Work request :: Please repeat exactly the lines from the one containing "Support Zac Beavers" through the last line of the records, both included, and nothing else, leaving out any pictures.

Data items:
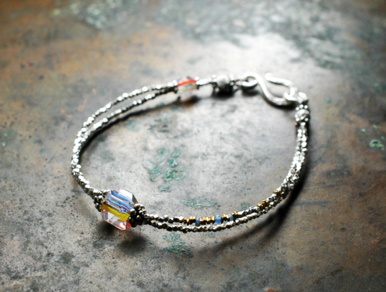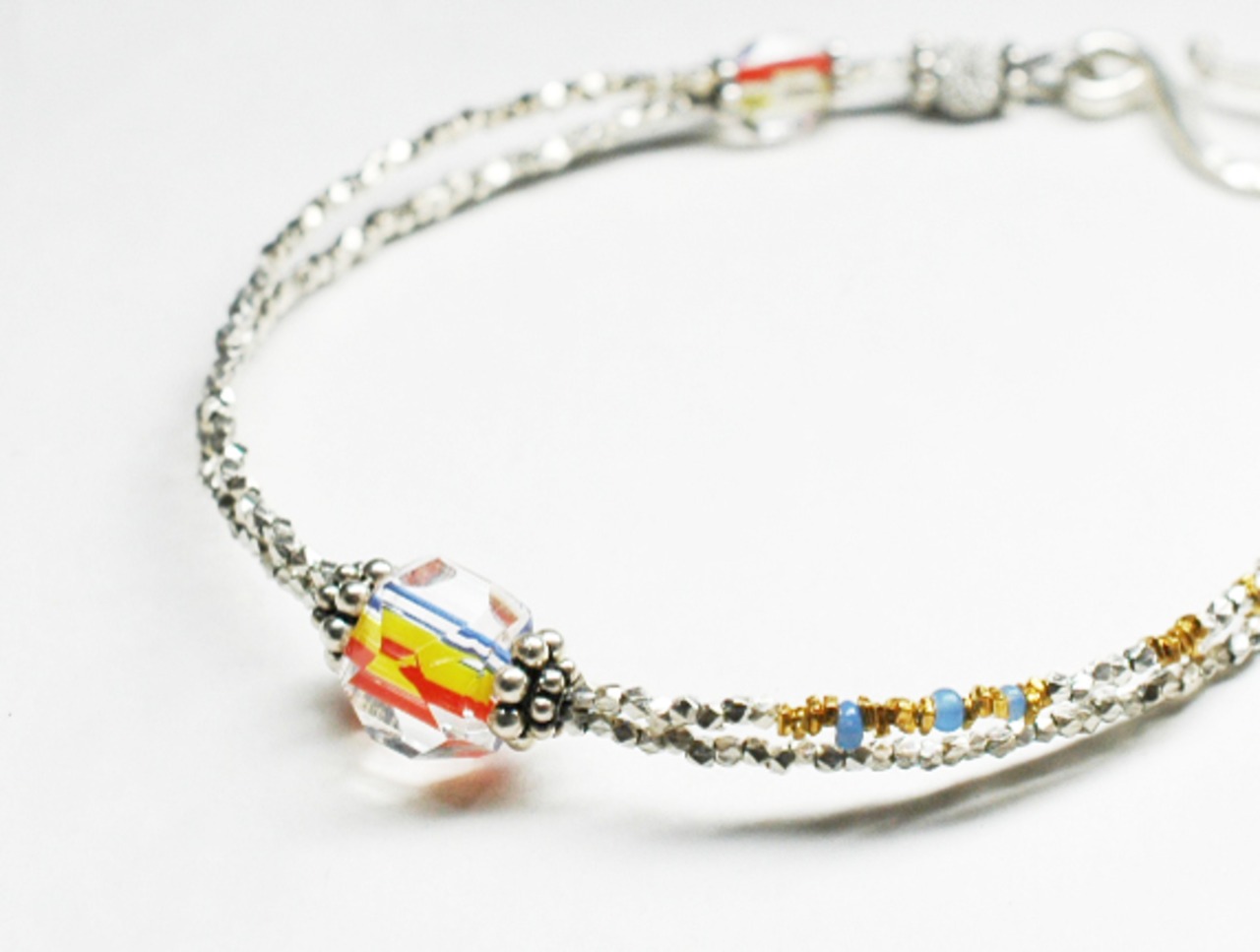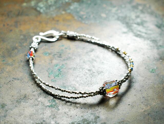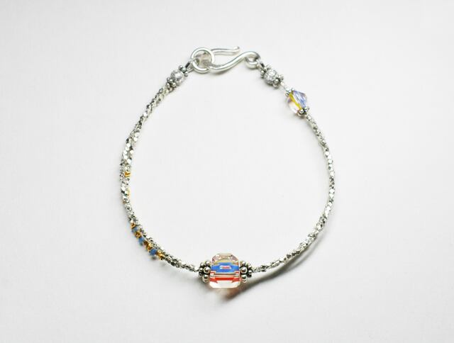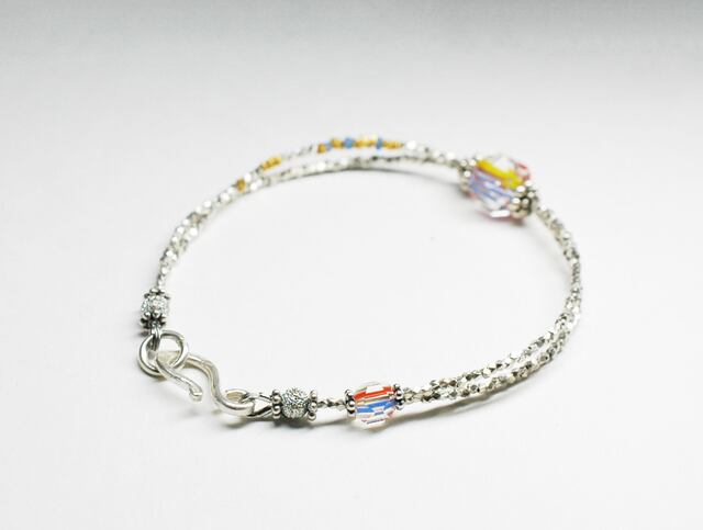 カットが美しいヴィンテージビーズと煌めくカレンシルバーの2連ブレス
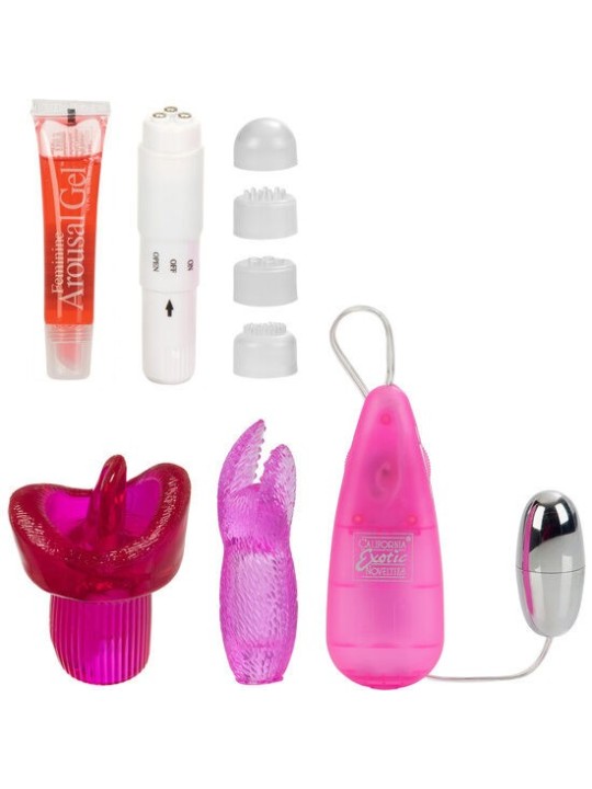 Kit Conçu pour les femmes audacieuses qui disposent d'un kit complet pour leurs moments les plus intimes. C'est un stimulateur puissant avec différentes vitesses. Il dispose d'un masseur compact avec quatre points de plaisir uniques. Utilisez le gel d'excitation pour un maximum de plaisir et utilisez le manchon lapin, doux et élastique, pour obtenir l'orgasme le plus intense. Sans danger pour votre corps, sans odeur et sans phtalates. Comprend : un masseur compact, un stimulateur ergonomique à plusieurs vitesses, un gel excitant et deux housses avec effet langue et tête de lapin. Découvrez California Exotics, à la pointe de la sexualité !
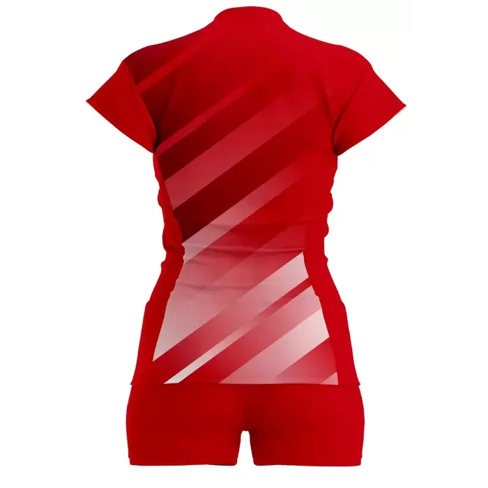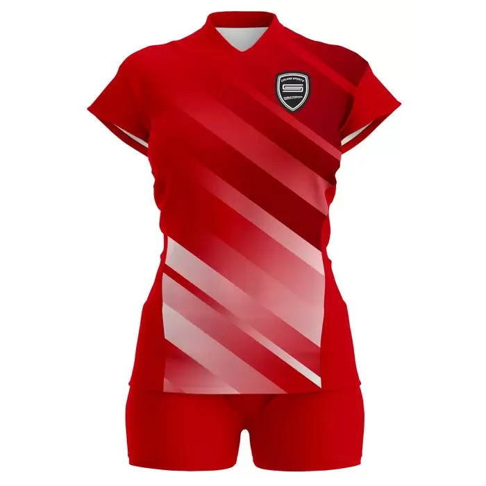 Colaro Sports, a premium volleyball uniform manufacturer, presents its signature red uniform. Colaro Sports brings passion to the pitch with this striking red uniform, featuring a captivating gradient pattern of overlapping red and white diagonal stripes. The short-sleeved jersey incorporates a classic V-neckline for comfort and breathability, while an embroidered shield crest on the left chest adds a touch of heritage and professionalism. The matching shorts complete the kit, ensuring a cohesive look that stands out under stadium lights.
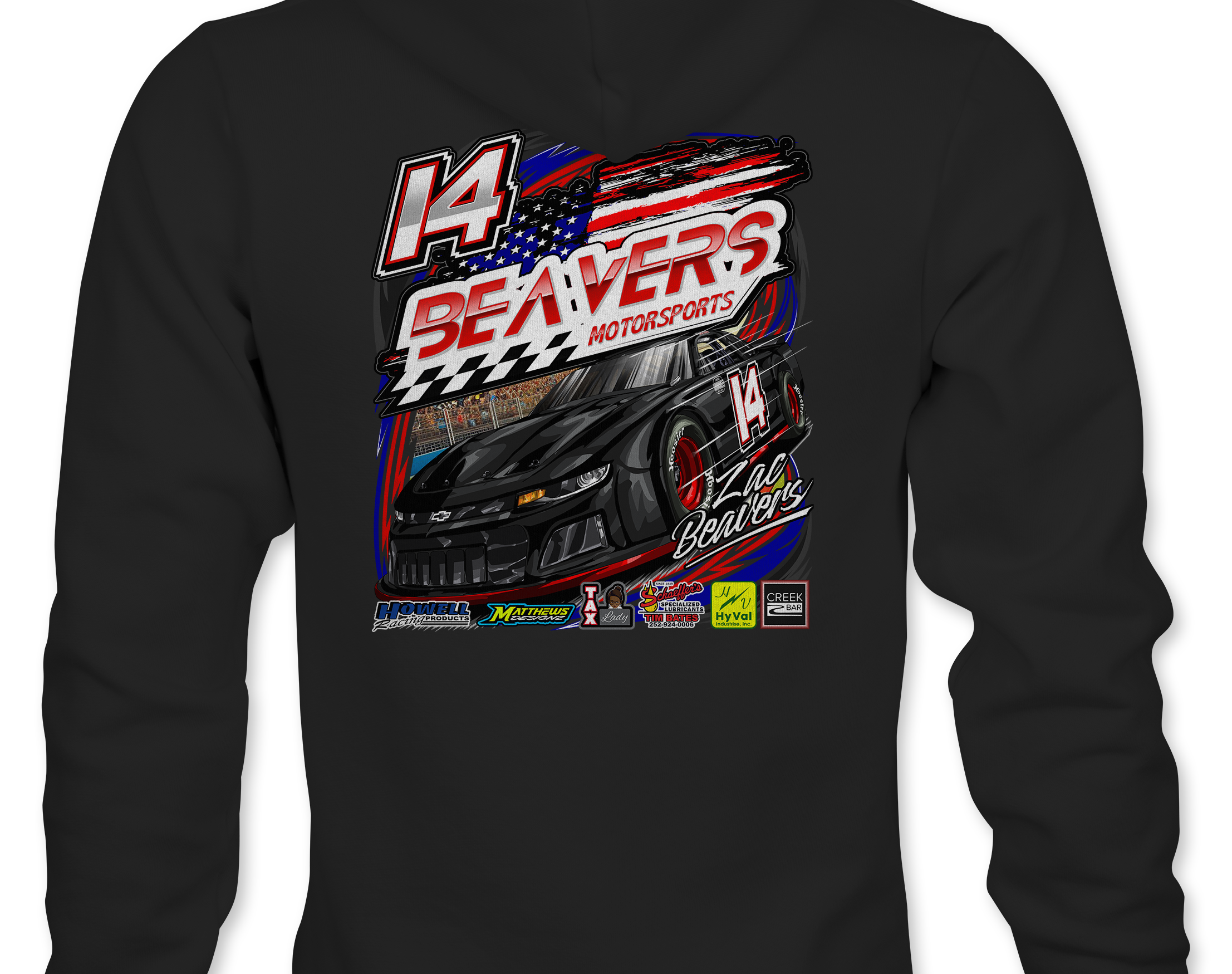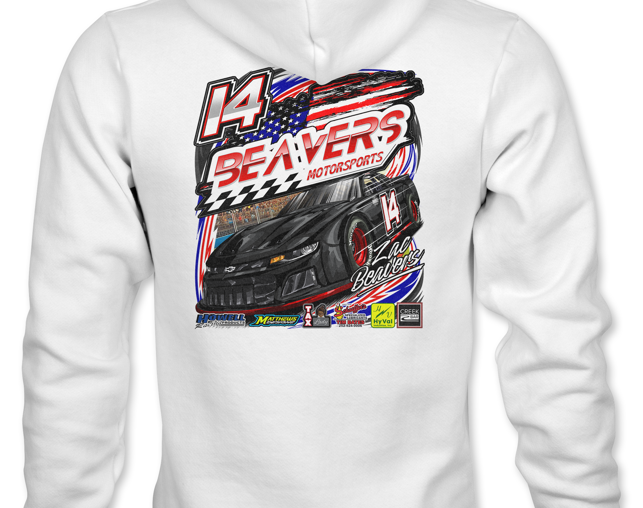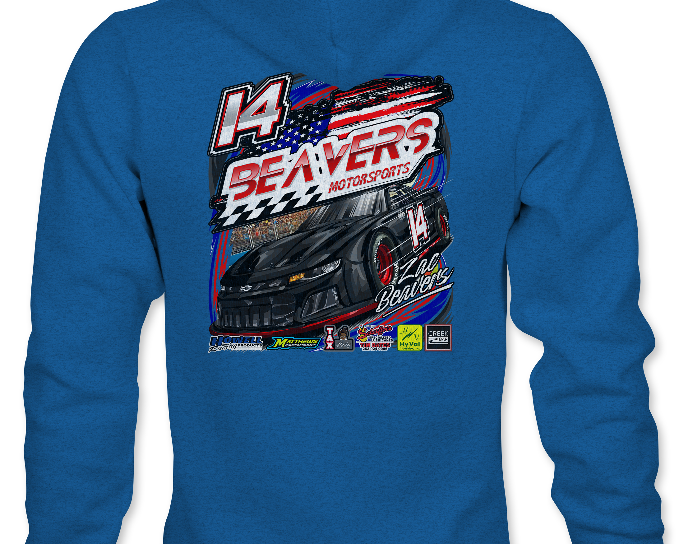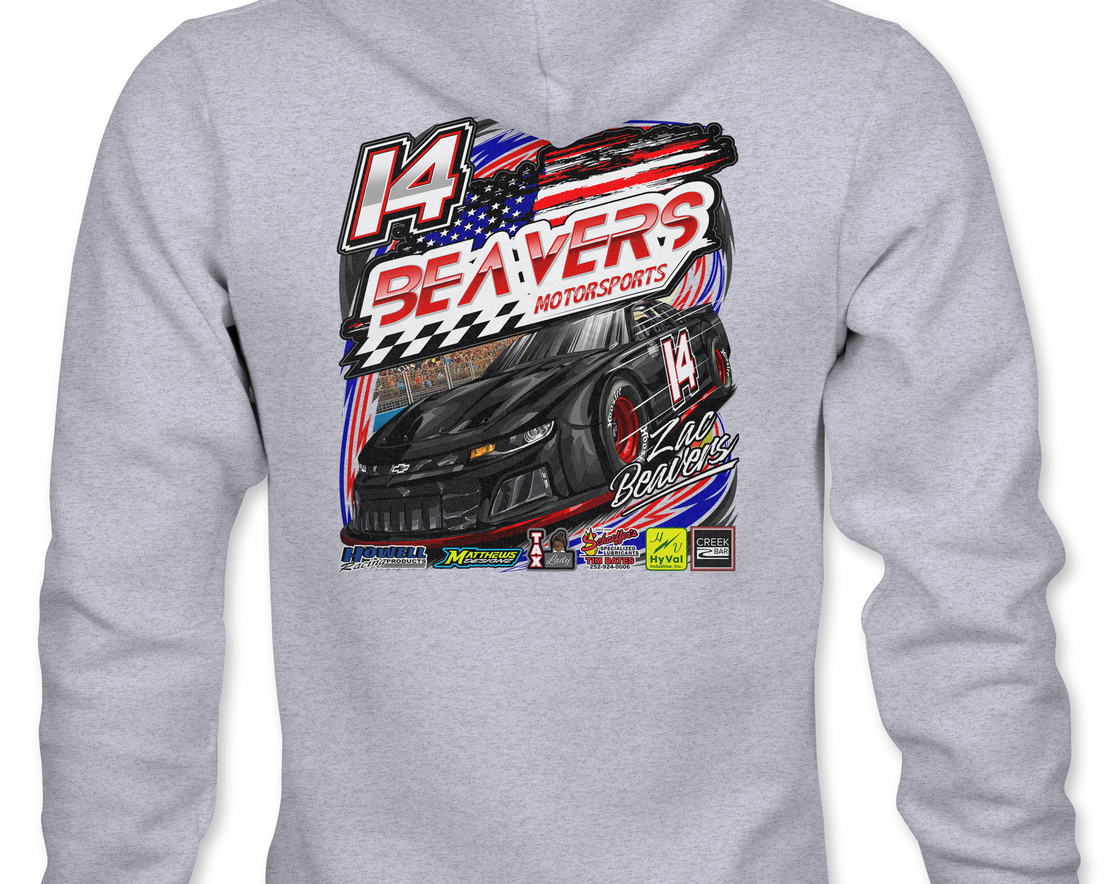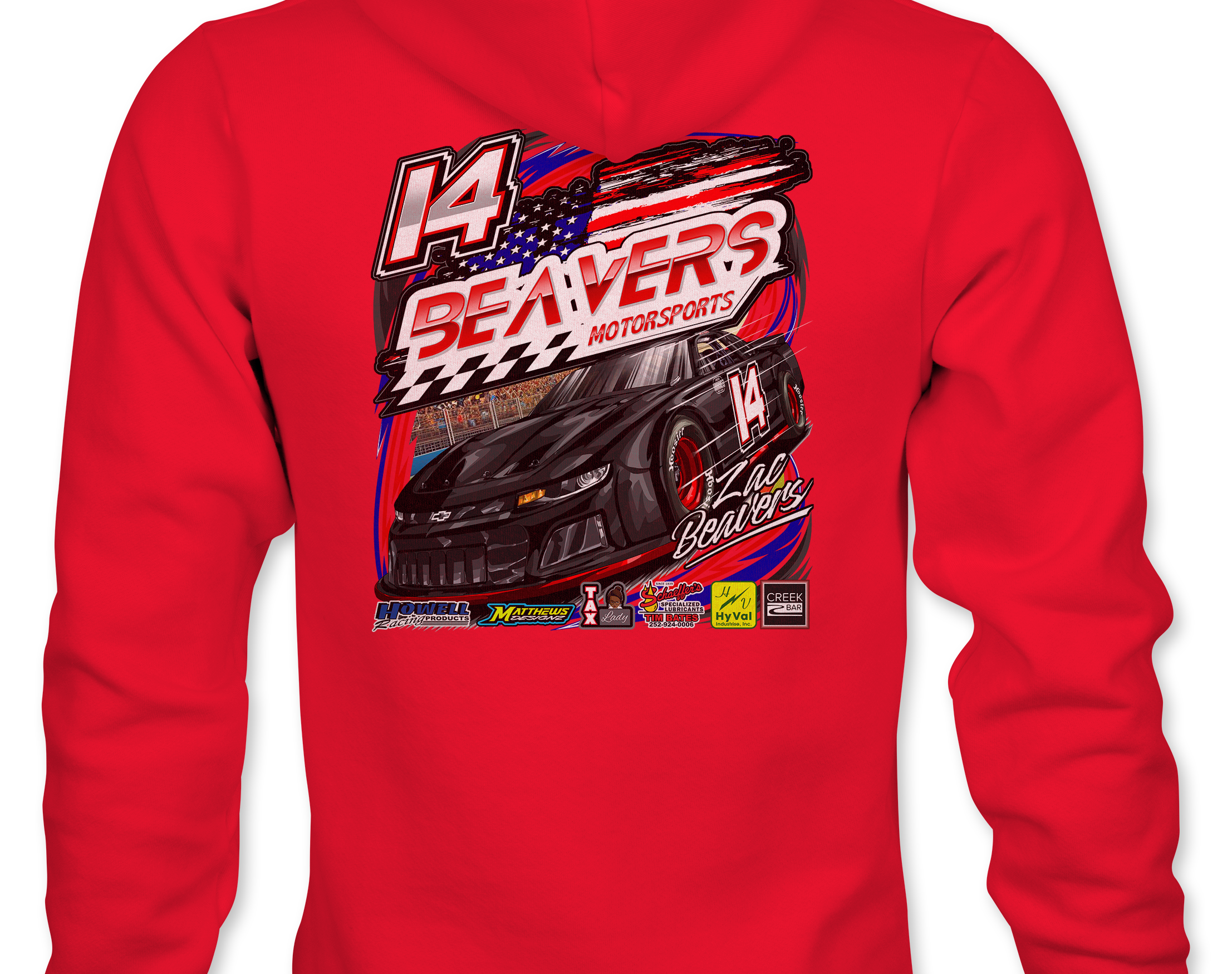 Support Zac Beavers with their custom apparel! Available in Black, Sports Gray, White, Red and Royal Blue.. Graphics are direct to garment printed with a left chest image and a full back image.
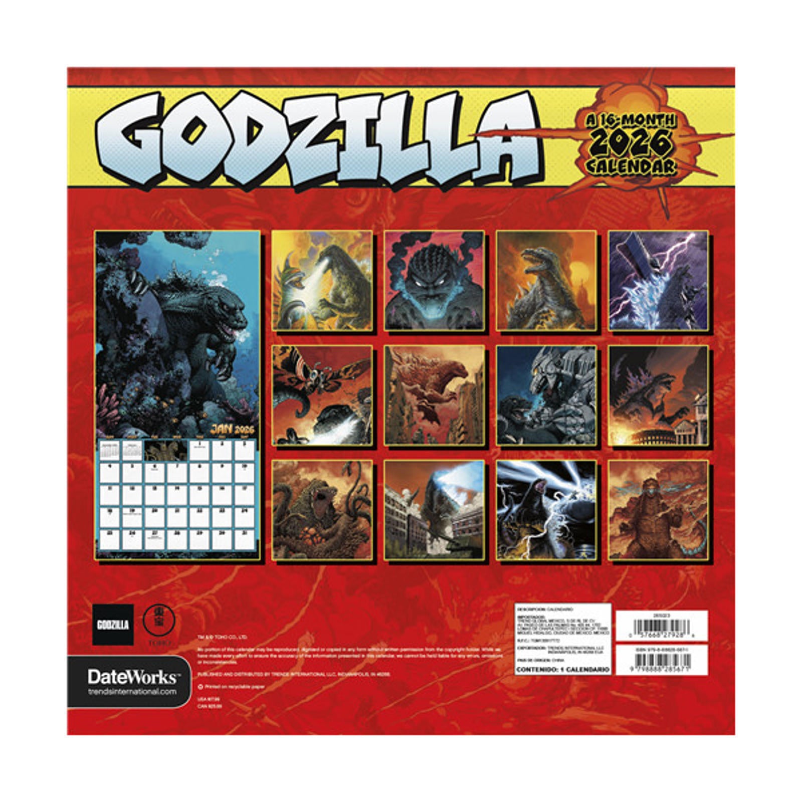 Trends International Godzilla - Classic 2026 12 x 12 Wall Calendar

Expected output ::
 Support Zac Beavers with their custom apparel! Available in Black, Sports Gray, White, Red and Royal Blue.. Graphics are direct to garment printed with a left chest image and a full back image.
 Trends International Godzilla - Classic 2026 12 x 12 Wall Calendar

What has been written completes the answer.